The Mirror In The Well

    
BOOK REVIEW by Willard Manus

Lots of women have written about sex in a frank way--Anais Nin and Anne Carson, for example--but none so graphically as Michele Aharonian Marcom in her new novel, THE MIRROR IN THE WELL (Dalkey Archive Press). Marcom's unnamed heroine is a married woman with children who enters into an affair with an equally anonymous man whose ferocious sexual appetite changes her life, both in good and bad ways.

The man introduces her (at age 38) to oral sex. The pleasure transforms her, fills her (for the first time) with sexual satisfaction, then rapture and obsession. She risks everything to be with him, sometimes hating herself (and him) for her recklessness and abandon. But the sex is fantastic and she can't give it up, not even when her husband discovers the affair and threatens to dump her.

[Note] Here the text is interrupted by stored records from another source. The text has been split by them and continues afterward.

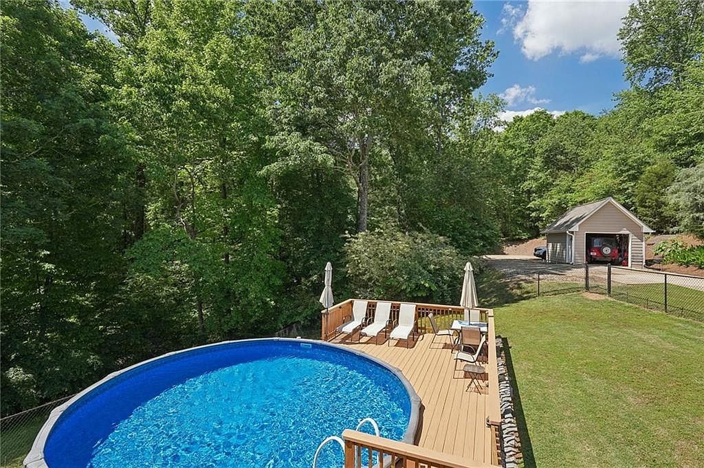 This inviting backyard space features an above-ground circular pool surrounded by a wooden deck with safety railings. Four cream-colored lounge chairs line one side of the deck, providing ample seating for relaxation under the two beige patio umbrellas. The area is bordered by dense green trees, creating a serene, private atmosphere. The well-maintained lawn extends toward a detached garage visible in the background, which sits beside a gravel driveway. The use of natural wood tones and lush greenery enhances the tranquil, outdoor retreat vibe of this family-friendly space.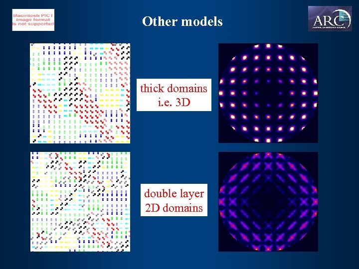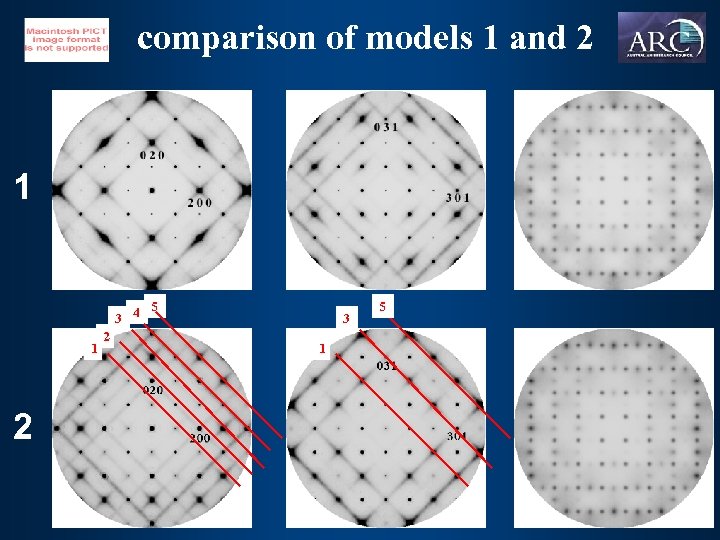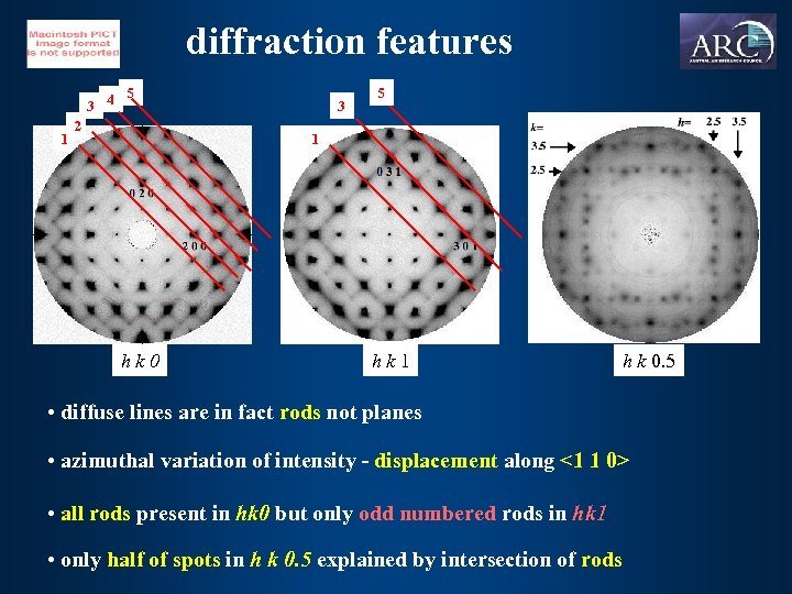 diffraction features 5 3 4 1 2 3 5 1 hk 0 hk 1 h k 0. 5 • diffuse lines are in fact rods not planes • azimuthal variation of intensity - displacement along <1 1 0> • all rods present in hk 0 but only odd numbered rods in hk 1 • only half of spots in h k 0. 5 explained by intersection of rods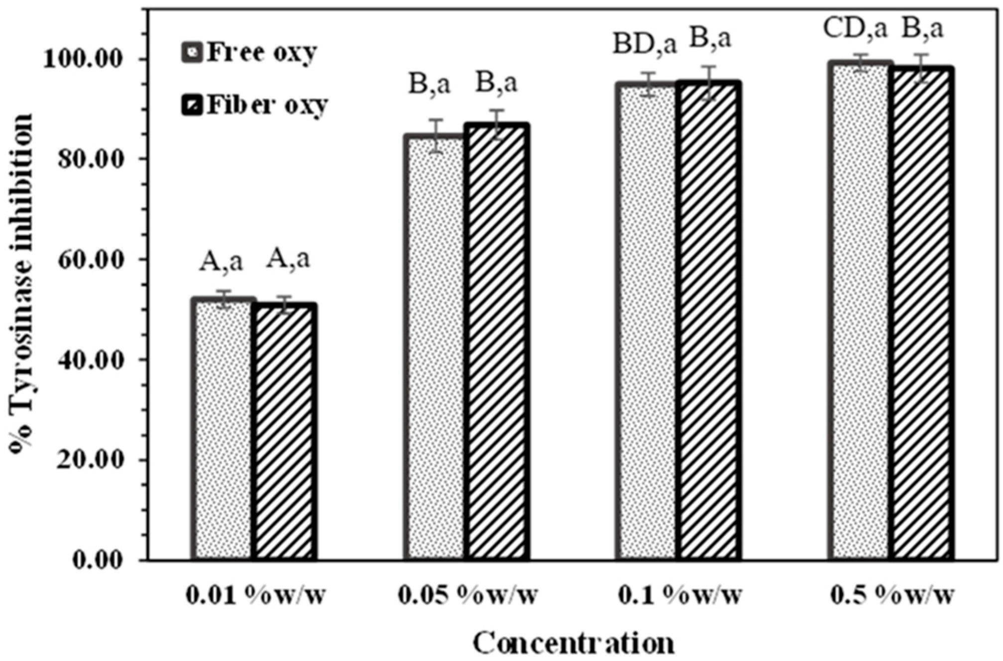 3.10. Study of the Tyrosinase Inhibitory Activity of Fiber-Encapsulated Oxyresveratrol Compared to Free Oxyresveratrol at the Same Concentration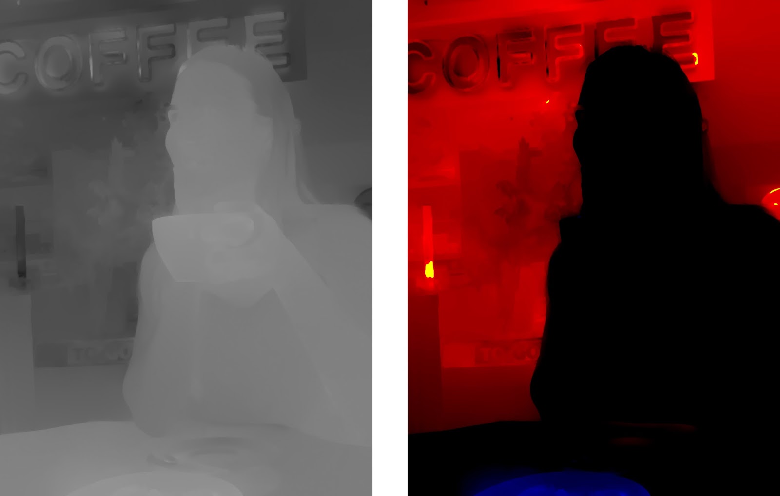 在上图左侧的景深映射图中,颜色越浅意味着距离拍摄者越近;右侧 Pixel 2 将这种远近关系进一步「可视化」——黑色区域无需虚化、蓝色区域被识别为前景、红色区域则会根据颜色深浅程度给予不同程度的虚化效果。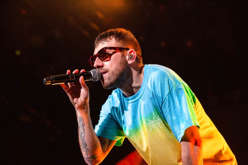 Il viaggio live di Coez prosegue prima con la cassa dritta e i synth filtrati dall’atmosfera a luci rosse dell’erotica Vai con dio e poi con Forever alone.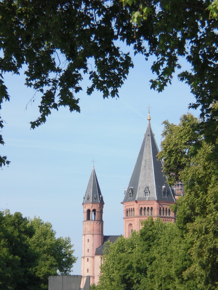 教会の裏手にはライン川が流れています。結構大型の船も通ります。ライン川下りの出発点でもありますね。一般的な日本のツアーではマインツから乗ることも降りることもないでしょうが。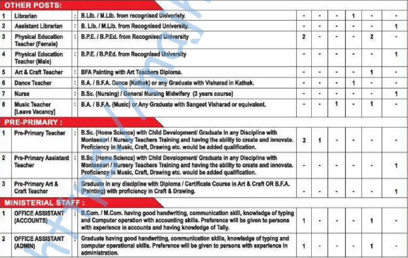 - Posts’ name – (See table/advertise) –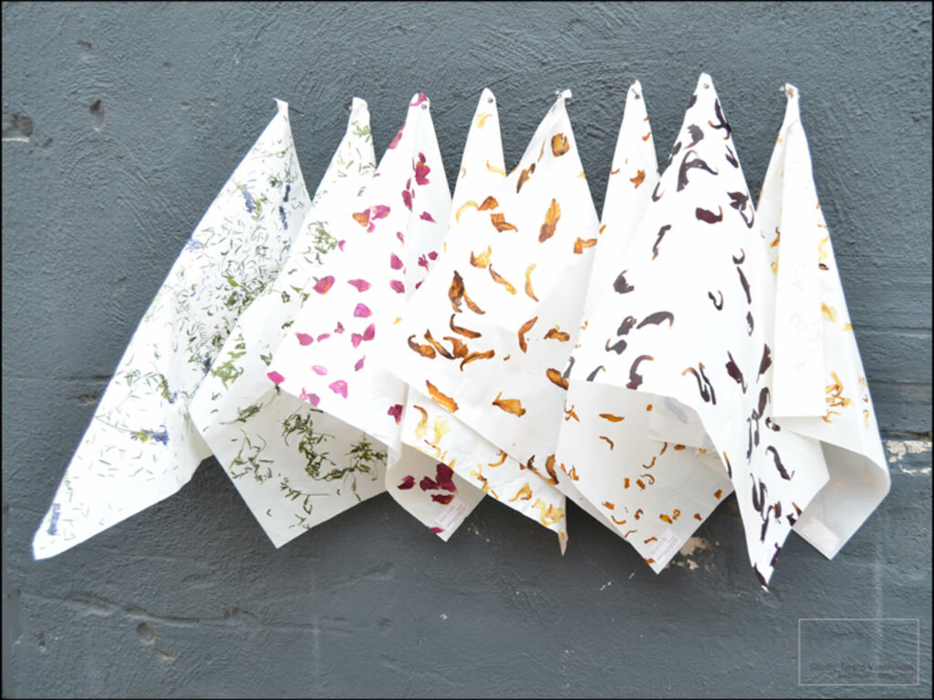 In the province of North Holland, where the majority of the world’s tulips are grown, thousands of hectares of tulips are decapitated in May – the value lies in the bulb, not the bloom. Tulip growers have traditionally discarded the tulip heads. Tjeerd Veenhoven developed a process he called No-ink, wherein he dried tulip heads in a large rotating drum and removed the stems and pistils, leaving just the petals. Veenhoven then laminated the petals with a low-quality, compostable Polylactic acid film. In doing so, he developed a new, aesthetically pleasing and durable material.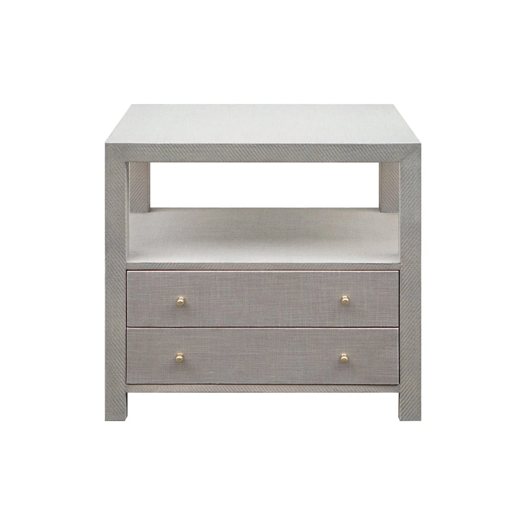 With its sophisticated yet subdued combination of textures, the Hattie two drawer side table delivers style and grace to any room. Grey linen drawers with petite brass pulls sit elegantly within a coordinating grey grasscloth frame.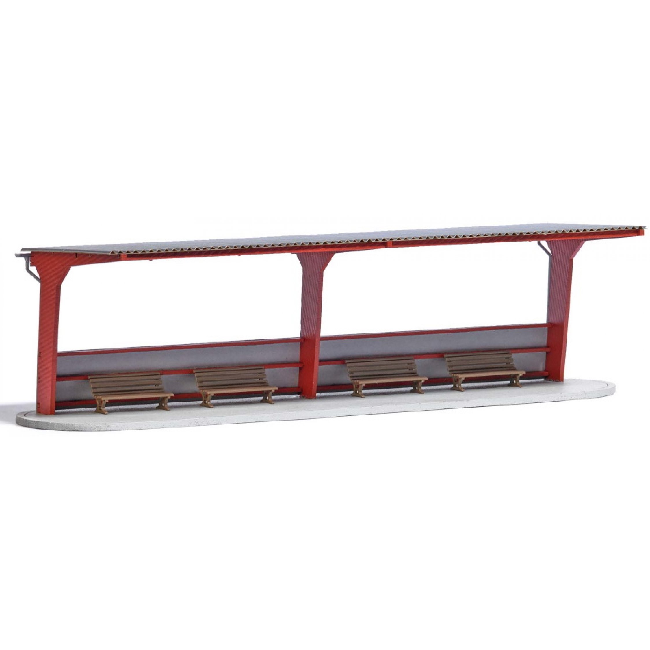 Busbahnhof, Bausatz für einen universell einsetzbaren Busbahnhof mit Wellblechüberdachung und 4 Sitzbänken. Größe: 190 x 54 x 53 mm

Although Marcom's sex scenes are raw and explicit, her book is no mere exercise in pornography. The author is too much of a poet and stylist for that, one who uses language in unique, mysterious ways, switching both male and female viewpoints throughout, often in the same sentence or paragraph. She also weaves her own authorial voice into the narrative, with original and striking results. Here is a sample of a typical Marcom paragraph:

"How can a book such as this one end? Will the girl and her lover marry and fight until they have died? Will the girl beg her husband to re-marry her and save her, finally, from the banshee which eats her stomach, throat and spine? Will the girl find other lovers, more men, and then later tell a story about this time when pain and the wounds of the lover, the husband, the cunt itself is a wound, delimited of all the days? The girl looks up from where she stands, she is still in the scene with her lover on the streets of her city, it is night and she cries in the street and in vain and he stands three paces away from her and he doesn't comfort her and she wonders how she has come to this moment, how their lovemaking on the floor of his workroom, those glorious eternal days, led them to this nightime almost two years later, and how to make sense of it, make sense of her life and give it meaning; how to pull out of the labyrinth into the labyrinth, make the girl into the queen and the lover into her king and their children are by their side and he has not killed her on the morn and she has seduced him with her stories and the dervishes and the djinn and the sailors have returned home to the beginning of the nights tonight."